Although many factors are known to limit CD4 T-cell recovery during HIV infection, the impact of alteration in T-cell lymphopoiesis remains poorly understood. We hypothesize that deficient T-cell differentiation from CD34 hematopoietic progenitors (HP) could, at least partially, explain poor CD4 levels restoration under c-ART in HIV+ patients.
PBMC were obtained from HIV+ immune responders under c-ART (IR, n=16, CD4=1086/mm3, CD4/CD8=1.7) and HIV+ c-ART nonresponders (INR, n=16, CD4=380/mm3, CD4/CD8=0.58) followed in CHU Henri Mondor (Creteil, France) and from HIV- controls (n=18, CTS, Creteil). Ethical committee approval and written informed consent from all subjects were obtained before study initiation. T-cell precursor’s frequency was determined using limiting dilution assay (LDA) on coculture of HP on OP9-DLL1 cell line. LDA results were generated using ELDA webtool. Flow cytometry analysis was performed on LSR2 cytometer, and FlowJo v8.2. Statistical analyses were performed using appropriate test in Prism software.

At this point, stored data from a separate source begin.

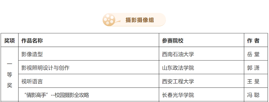 5月28日,第四届全国数字创意教学技能大赛揭晓,艺术学院广播电视编导专业3名教师获奖,岳堂老师获摄影摄像组一等奖,李晨老师获影视艺术组三等奖,江霄老师获影视艺术组优秀奖二项。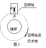 7.在圆轨道上运动行的国际空间站里, 一宇航员A静止(相对空间舱)“站”于舱内朝向地球一侧的“地面”B上,如图3所示,下列说法正确的是( )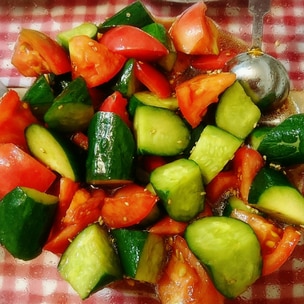 トマトときゅうりの旨塩ポン酢 和えるだけ!簡単さっぱり副菜。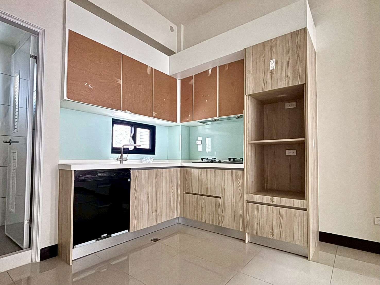•隱藏式抽油煙機、雙口強化玻璃瓦斯爐、落地烘碗機

We have previously shown a specific T-cell, but not B-cell differentiation impairment in CD34 HP from INR patients (see table 1). Now we extended our knowledge by demonstrating that CD34 HP from INR appeared extremely sensitive in regard of extracellular ATP known to induce caspase-1 mediated pytoptosis. We found abnormally high P2X7 levels (ATP recognition) and absent CD73 (ATP hydrolysis) expression. Importantly, caspase-1 inhibitor, VX-765, disturbed normal lymphopoiesis in vitro, thus P2X7 antagonist, PPAD, restored T-cell lymphopoiesis in INR: T-cell frequency of 1/314.7 (1/186.3-532.3) without PPAD vs 1/145.3 (1/98.3-214.7) with PPAD (p<0.05). Transcriptomic analysis revealed a general alteration in cellular death pathway in INR as compared with IR individuals.
Our results suggest that CD34 HP from INR are more prone to cellular death via extracellular ATP that affects normal T-cell lymphopoiesis and impacts CD4 T-cell restoration under c-ART. Currently we are evaluating reasons of this dysregulation and possible ways to interfere with it in therapeutic perspective. Such complementary to c-ART strategies might dramatically improve outcomes in treated immune nonresponders.